* **Assignment**
Using the listing below, copy every line that mentions "Klemensker".

┄┄┄┄┄┄┄┄┄┄

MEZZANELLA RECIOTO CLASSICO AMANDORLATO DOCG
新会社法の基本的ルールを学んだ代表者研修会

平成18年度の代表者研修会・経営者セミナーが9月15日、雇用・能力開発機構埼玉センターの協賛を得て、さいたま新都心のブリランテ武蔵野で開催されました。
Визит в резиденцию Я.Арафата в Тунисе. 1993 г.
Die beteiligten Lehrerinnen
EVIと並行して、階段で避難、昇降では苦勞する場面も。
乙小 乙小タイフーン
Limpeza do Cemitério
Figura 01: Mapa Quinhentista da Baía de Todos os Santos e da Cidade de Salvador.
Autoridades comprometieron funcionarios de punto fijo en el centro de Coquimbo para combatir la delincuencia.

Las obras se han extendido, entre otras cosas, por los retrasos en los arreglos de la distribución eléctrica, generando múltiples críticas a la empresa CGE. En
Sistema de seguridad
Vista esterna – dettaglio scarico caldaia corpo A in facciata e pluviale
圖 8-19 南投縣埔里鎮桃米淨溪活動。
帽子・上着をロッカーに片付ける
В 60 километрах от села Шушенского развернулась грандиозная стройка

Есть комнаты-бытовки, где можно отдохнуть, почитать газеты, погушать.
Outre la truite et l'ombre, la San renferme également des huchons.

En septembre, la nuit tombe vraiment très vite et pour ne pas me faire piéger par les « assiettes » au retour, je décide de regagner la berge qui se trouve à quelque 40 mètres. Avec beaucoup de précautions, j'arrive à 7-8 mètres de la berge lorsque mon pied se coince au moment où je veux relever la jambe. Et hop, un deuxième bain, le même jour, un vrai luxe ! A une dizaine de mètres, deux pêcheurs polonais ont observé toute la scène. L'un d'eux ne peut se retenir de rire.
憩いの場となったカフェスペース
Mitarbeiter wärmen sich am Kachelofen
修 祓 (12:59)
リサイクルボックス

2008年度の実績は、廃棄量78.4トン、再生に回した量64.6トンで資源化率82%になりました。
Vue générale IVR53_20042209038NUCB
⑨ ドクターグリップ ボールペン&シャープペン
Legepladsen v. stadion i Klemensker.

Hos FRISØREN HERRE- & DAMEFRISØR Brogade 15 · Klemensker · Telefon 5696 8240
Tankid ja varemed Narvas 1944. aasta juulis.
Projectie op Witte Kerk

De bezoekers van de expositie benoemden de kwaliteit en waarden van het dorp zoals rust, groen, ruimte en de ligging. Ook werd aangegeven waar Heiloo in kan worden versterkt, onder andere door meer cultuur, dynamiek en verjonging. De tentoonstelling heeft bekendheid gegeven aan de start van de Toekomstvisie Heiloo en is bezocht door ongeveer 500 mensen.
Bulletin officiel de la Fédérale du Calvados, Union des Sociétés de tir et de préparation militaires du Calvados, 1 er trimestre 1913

┄┄┄┄┄┄┄┄┄┄

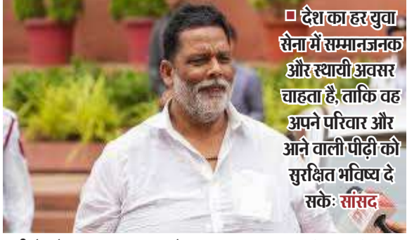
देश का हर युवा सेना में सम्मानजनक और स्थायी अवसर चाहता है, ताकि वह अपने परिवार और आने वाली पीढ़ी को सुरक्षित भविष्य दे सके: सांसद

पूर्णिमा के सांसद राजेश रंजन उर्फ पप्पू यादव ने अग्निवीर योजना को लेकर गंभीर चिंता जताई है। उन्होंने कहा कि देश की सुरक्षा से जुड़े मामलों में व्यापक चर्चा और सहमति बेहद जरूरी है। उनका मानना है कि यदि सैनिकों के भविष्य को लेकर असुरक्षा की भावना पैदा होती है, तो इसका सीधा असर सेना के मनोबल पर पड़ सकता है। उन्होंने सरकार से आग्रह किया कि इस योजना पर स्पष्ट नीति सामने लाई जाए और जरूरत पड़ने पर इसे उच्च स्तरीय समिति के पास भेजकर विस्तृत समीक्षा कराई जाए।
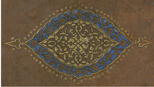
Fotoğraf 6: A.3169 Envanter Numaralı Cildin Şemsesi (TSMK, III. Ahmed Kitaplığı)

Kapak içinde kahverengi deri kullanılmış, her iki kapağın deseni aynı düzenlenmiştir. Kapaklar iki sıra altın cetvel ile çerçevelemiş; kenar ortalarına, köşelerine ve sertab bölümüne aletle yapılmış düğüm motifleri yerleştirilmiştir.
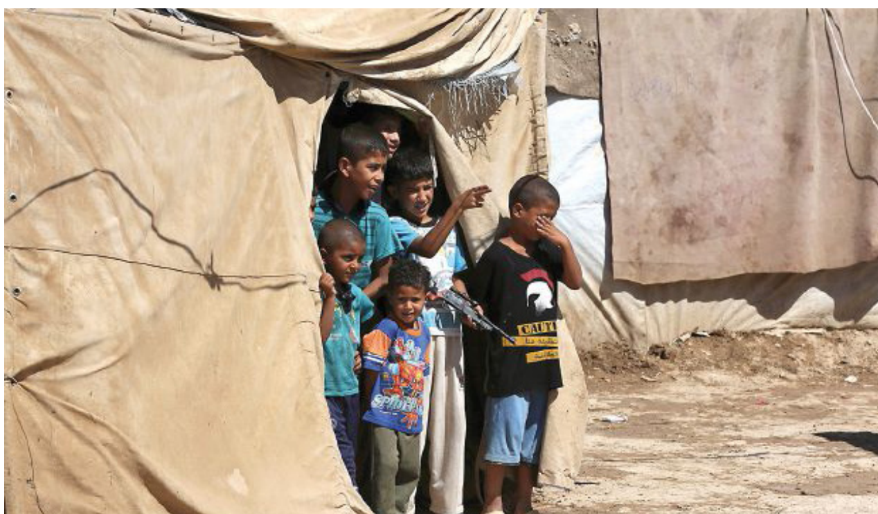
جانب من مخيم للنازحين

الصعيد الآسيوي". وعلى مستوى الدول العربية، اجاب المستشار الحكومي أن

┄┄┄┄┄┄┄┄┄┄

* **Exercise answer**
Legepladsen v. stadion i Klemensker.
Hos FRISØREN HERRE- & DAMEFRISØR Brogade 15 · Klemensker · Telefon 5696 8240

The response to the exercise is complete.